Component scores in Figure 8 and Figure 9 for Experiments 4 and 5 again also show a very similar pattern to those results in Experiments 1 to 3. Strong initial differences between groups in component scores via mPCA (and single-level PCA to some extent also) reduce strongly as sample sizes per group increased in Experiment 4. Indeed, it is noticeable in Figure 8 that differences between groups via mPCA are fairly small for

n_{l}

= 100. By contrast, differences in component scores between groups via mPCA are observed for all sample sizes per group in Experiment 5, where between-group variation has been added explicitly to the MC data, for both single-level PCA and mPCA. Indeed, Figure 9 shows that differences between groups via mPCA are fairly similar for

n_{l}

= 100 compared to

n_{l}

= 300. Experiments 4 and 5 indicate again (and very broadly) that reasonable results are obtained when the sample sizes in all groups are of similar magnitude to the number of variables, i.e., 63 components for Experiments 4 and 5.

4. Discussion

An exploration of “pathologies” of mPCA was carried out here by considering a two-level mPCA model that is equivalent to bgPCA. It was clear that spurious differences between groups due to random sampling effects contained in all variables in Experiments 1, 2, and 4 were concentrated in the (relatively few) components at level 1 for mPCA. This effect meant that mPCA therefore falsely gave an impression of strong differences in component scores where in truth there were none. As stated in [8,9,17,18,19,20], pathologies of bgPCA (and therefore also mPCA) do exist, mostly strikingly in terms of interpretation of these component scores when sample sizes are low in any of the groups. However, these spurious differences in component scores via mPCA decreased significantly as the sample sizes per group were increased.

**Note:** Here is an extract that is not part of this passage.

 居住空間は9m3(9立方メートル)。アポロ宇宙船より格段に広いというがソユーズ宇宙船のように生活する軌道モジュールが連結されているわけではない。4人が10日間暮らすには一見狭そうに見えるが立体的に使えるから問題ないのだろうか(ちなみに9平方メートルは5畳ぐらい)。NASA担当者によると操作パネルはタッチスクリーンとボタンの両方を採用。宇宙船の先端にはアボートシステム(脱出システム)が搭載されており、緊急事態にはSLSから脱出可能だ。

Note that 3D facial scanning of human subjects can be costly because it can be time consuming and/or labour intensive. Sample sizes might often measured in tens of subjects only, where such “pathologies” are likely to manifest. However, sample sizes per group can be a problem even for large-scale epidemiological studies in humans if one is interested for example in subsets of subjects with rare syndromes that can affect facial appearance and shape. Similar problems might occur in archaeology or palaeontology, where the number of samples to be scanned might naturally be constrained. Another limitation of mPCA is that the rank of covariance matrices at higher levels of the model are limited to the number of groups minus one. In practice, this places a limit on the number of non-zero eigenvalues at these levels.

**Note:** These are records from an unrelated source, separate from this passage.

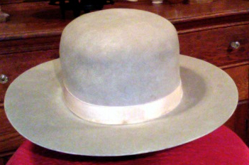 His new creation, The Boss of the Plains, was waterproof, wth a high crown and a wide stiff brim. The high crown keeps the top of the head well insulated from the sun effects while the brim protects the face, neck, and shoulders from sun and rain. The underside of the hat was equipped with a sweatband and lining. The early models of the hat had a natural color.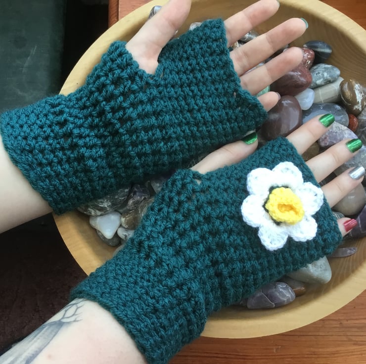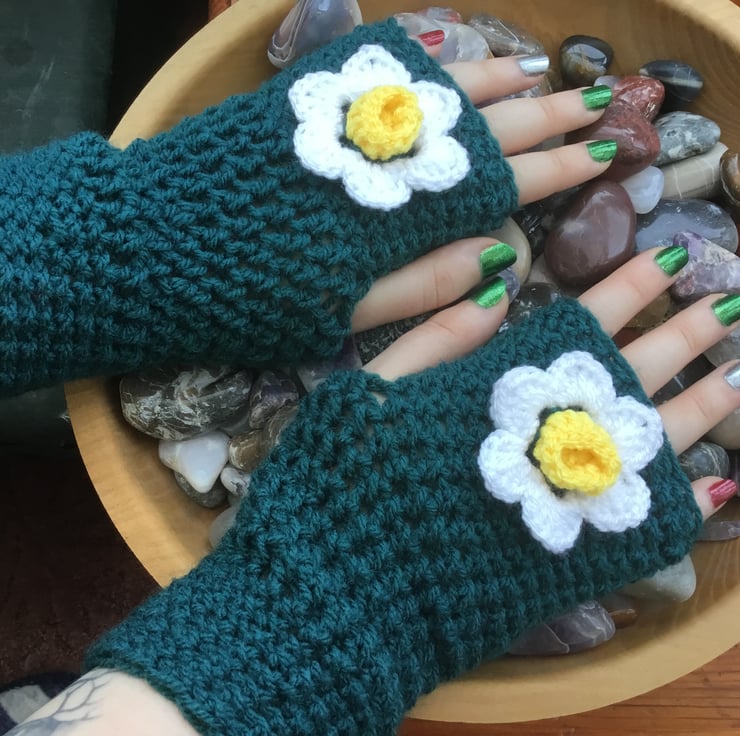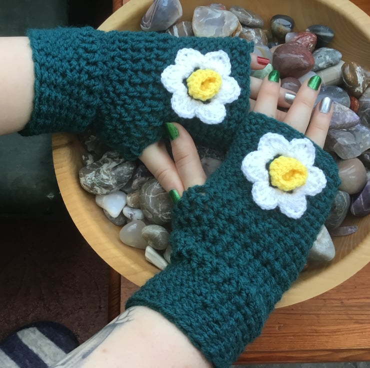 This is a classic style, with my own design touch, making them unique. Crocheted in a circular continuous line, double stitch at the finger edge, and triple around the hand, working towards the wrist at the top, where I have changed to double stitch again to bring the mittens in around the wrist. The Daffodil is crocheted separately and secure sewn to the top of each mitten.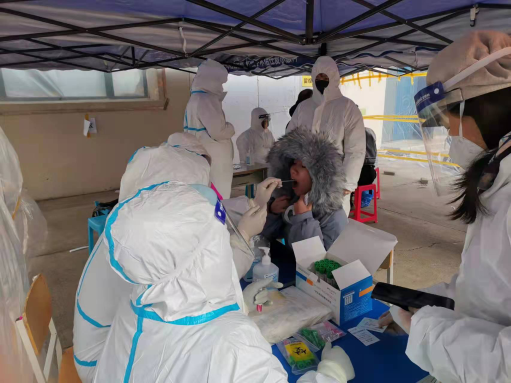 “您好,請摘下口罩……”“啊~張嘴,頭不要太往后仰”。同樣的話語、重復(fù)的動作,正是采集點(diǎn)醫(yī)護(hù)人員反復(fù)在做的工作。每完成一組采樣后,醫(yī)護(hù)人員都會進(jìn)行手消毒,并按要求將樣本封存。此刻,大家都有一個(gè)共同的目標(biāo):圓滿完成核酸采集任務(wù),為這座城市保駕護(hù)航。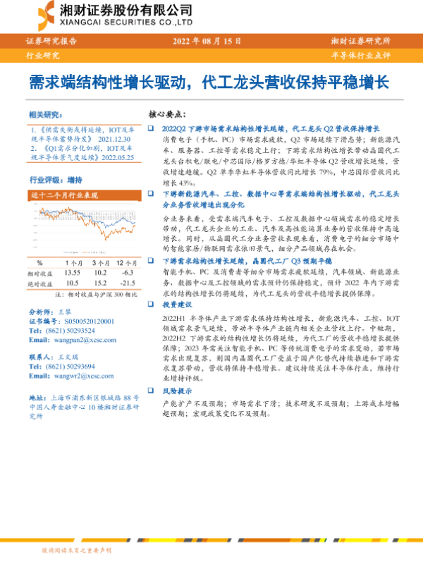 【湘财证券】【20220815】20220815-湘财证券-半导体行业点评:需求端结构性增长驱动,代工龙头营收保持平稳增长-8页 行业研究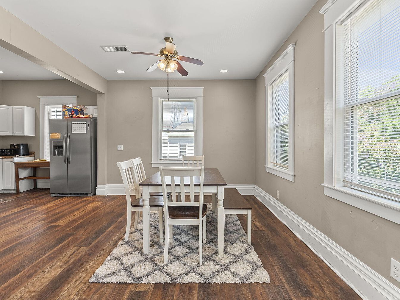 This dining area features a simple yet inviting design with a wooden table surrounded by white chairs, promoting a casual atmosphere. The warm tones of the dark hardwood floor contrast with the light beige walls, providing a cozy feel. Natural light pours in through the windows, framed with white casings, enhancing the space’s brightness. A plush area rug with a geometric pattern adds texture underfoot. Ceiling fans with light fixtures hang above, integrating functionality and aesthetics. Nearby, a modern stainless steel refrigerator integrates contemporary convenience within the open layout, connecting the dining area to the kitchen.
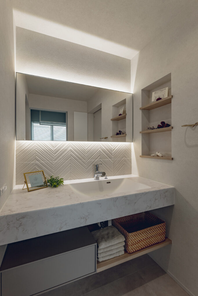 人気のアイテムを効果的に組み合わせた、お気に入りの洗面スペース。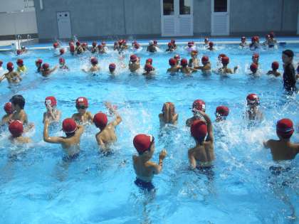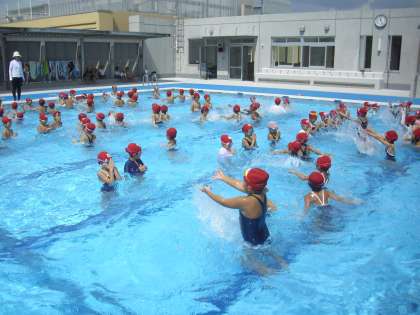 1年生の体育の授業の様子です。最後のプールを楽しんでいます。水かけっこや水中ジャンケンをしています。水遊びを通して、水と仲良しになれた1年生。浮いたり、もぐったり、水中で目を開けたりと、いろいろなことができるようになりました。

Imbalances in sample sizes in different groups can be addressed by using a form weighted covariance matrices inspired by the maximum likelihood solution, previously also suggested in [9]. Our results suggested that this “weighting” had a beneficial effect on covariance matrices and eigenvalues. However, weighting did not solve all of the problems of spurious differences in component scores between groups, which were due here to a very small sample size in one group. Experiment 2 demonstrates that misleading results for component scores persist via mPCA if the sample sizes are low in any of the groups. Notably, the usefulness of such “weighting” was questioned also in [8]. However, such weighting schemes might be useful when such imbalances occur and when sample sizes per group are sufficiently large enough in all groups. This topic requires more investigation in future.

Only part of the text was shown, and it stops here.